Nothing but the pictures is dropped; write out all the remaining data below exactly.

- **PROVIDED DATA**

-- -- --

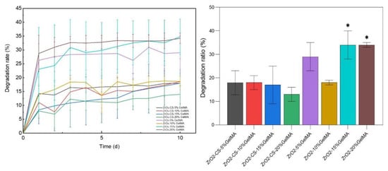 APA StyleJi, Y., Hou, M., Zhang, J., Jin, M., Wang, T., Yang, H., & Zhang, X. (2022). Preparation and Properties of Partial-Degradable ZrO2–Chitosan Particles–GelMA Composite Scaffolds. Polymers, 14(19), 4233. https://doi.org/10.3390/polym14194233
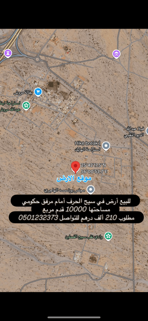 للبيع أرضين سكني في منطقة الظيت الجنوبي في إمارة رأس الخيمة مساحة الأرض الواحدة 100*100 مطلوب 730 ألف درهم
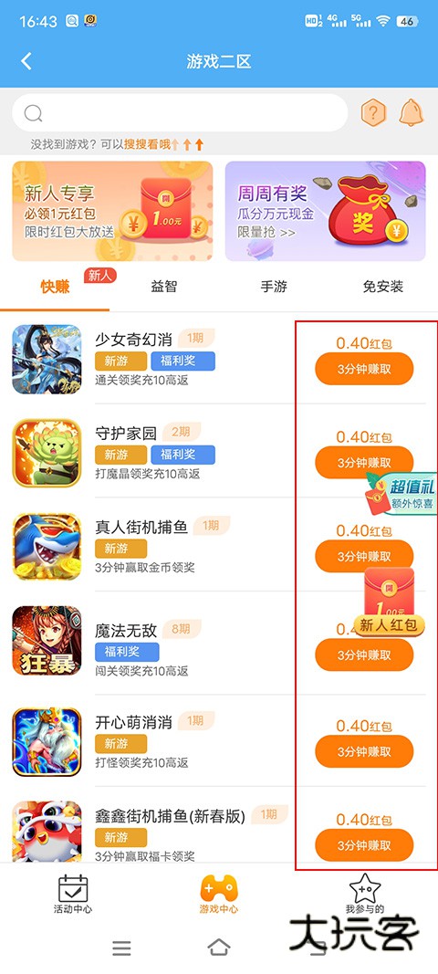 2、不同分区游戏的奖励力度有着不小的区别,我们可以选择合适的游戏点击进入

-- -- --

- **ANSWER SPACE**
 APA StyleJi, Y., Hou, M., Zhang, J., Jin, M., Wang, T., Yang, H., & Zhang, X. (2022). Preparation and Properties of Partial-Degradable ZrO2–Chitosan Particles–GelMA Composite Scaffolds. Polymers, 14(19), 4233. https://doi.org/10.3390/polym14194233
 للبيع أرضين سكني في منطقة الظيت الجنوبي في إمارة رأس الخيمة مساحة الأرض الواحدة 100*100 مطلوب 730 ألف درهم
 2、不同分区游戏的奖励力度有着不小的区别,我们可以选择合适的游戏点击进入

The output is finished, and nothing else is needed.